• Assignment: What you submit must be an exact copy of the listing below, with no images in it.

• Information shown:
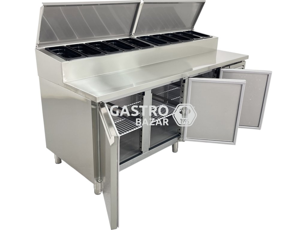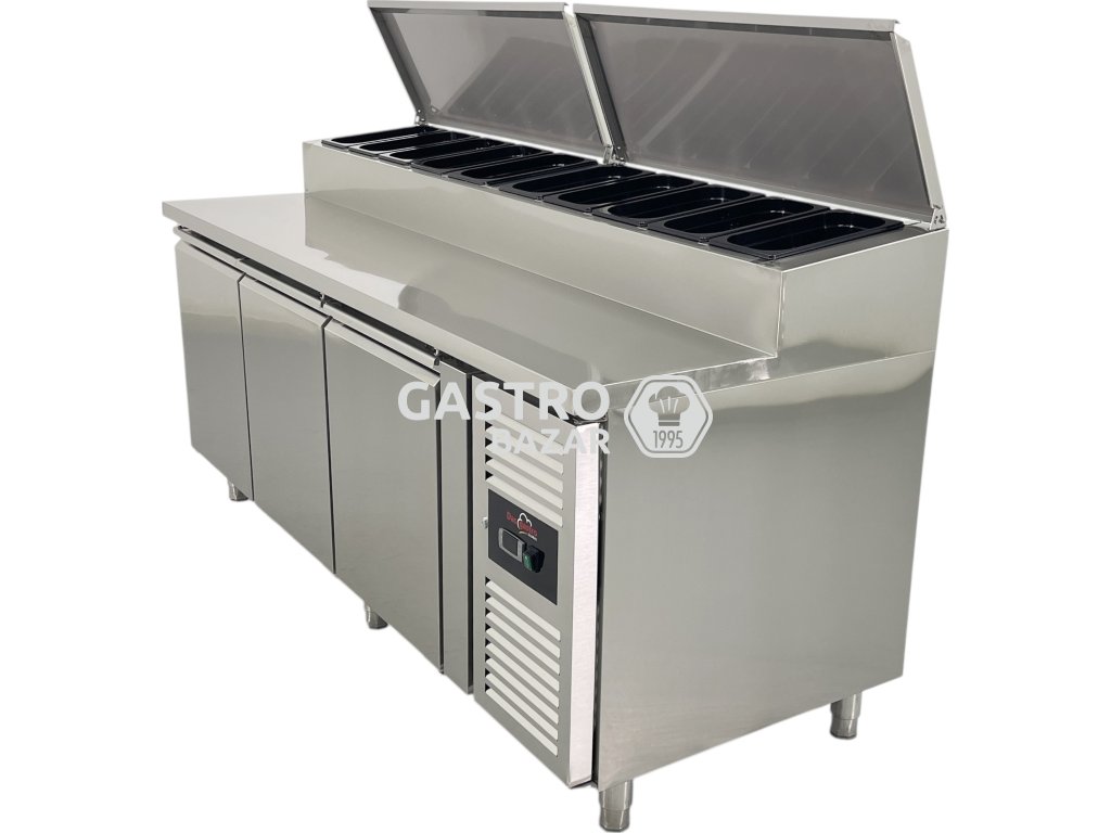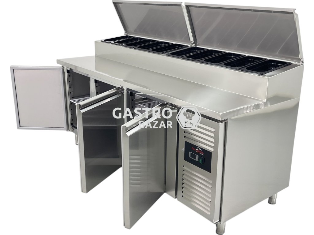 Profesionálny chladiaci stôl s pracovnou plochou je ideálnym riešením nielen pre pizzérie, ale aj pre pekárne, cukrárne a ďalšie gastro prevádzky, kde je kľúčová efektívna príprava a uchovanie surovín. Kombinuje praktický úložný priestor s robustnou pracovnou plochou a presným chladením.
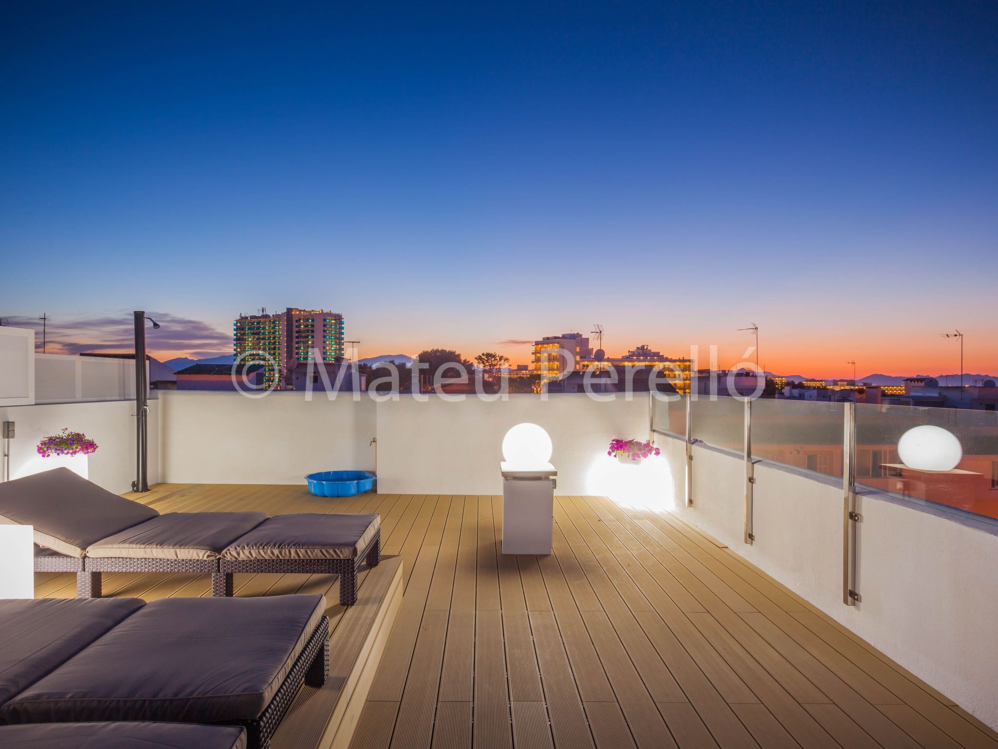 A balcony facing the street, and from which you peep the sea, is perfect for sunbathing, chatting, reading or take the air. In additional the building has a roof terrace for communal use, prepared as chill-out area. With sun loungers, pergola, shower, table, BBQ and toys for children you can enjoy relaxing hours during the day as also at night.
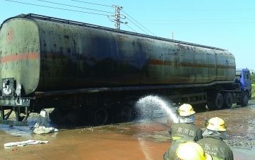 眼前的景象让消防官兵惊出一身冷汗,熊熊烈火已经将整个槽罐车后部重重包裹,槽罐车周围水泥路面犹如鞭炮般四处炸裂,四处散发着浓烈的刺激性气味。经询问得知,事因一辆满载53吨工业用酒精槽罐车右侧后轮胎着火,由于司机在处理事故时操作不当导致一阀门出现损坏,致使大量的酒精一涌而出,导致现场成为一片火海。由于酒精燃烧为蓝色火苗,在白天难以用肉眼判断明火的准确部位,而且事故现场附近都是工厂和民房,特别是边上一工厂内部储存大量油料,人多车辆多危险化学物品多,一旦险情不能控制导致53吨酒精槽罐车发生爆炸,后果将不堪设想。

• Solution:
 Profesionálny chladiaci stôl s pracovnou plochou je ideálnym riešením nielen pre pizzérie, ale aj pre pekárne, cukrárne a ďalšie gastro prevádzky, kde je kľúčová efektívna príprava a uchovanie surovín. Kombinuje praktický úložný priestor s robustnou pracovnou plochou a presným chladením.
 A balcony facing the street, and from which you peep the sea, is perfect for sunbathing, chatting, reading or take the air. In additional the building has a roof terrace for communal use, prepared as chill-out area. With sun loungers, pergola, shower, table, BBQ and toys for children you can enjoy relaxing hours during the day as also at night.
 眼前的景象让消防官兵惊出一身冷汗,熊熊烈火已经将整个槽罐车后部重重包裹,槽罐车周围水泥路面犹如鞭炮般四处炸裂,四处散发着浓烈的刺激性气味。经询问得知,事因一辆满载53吨工业用酒精槽罐车右侧后轮胎着火,由于司机在处理事故时操作不当导致一阀门出现损坏,致使大量的酒精一涌而出,导致现场成为一片火海。由于酒精燃烧为蓝色火苗,在白天难以用肉眼判断明火的准确部位,而且事故现场附近都是工厂和民房,特别是边上一工厂内部储存大量油料,人多车辆多危险化学物品多,一旦险情不能控制导致53吨酒精槽罐车发生爆炸,后果将不堪设想。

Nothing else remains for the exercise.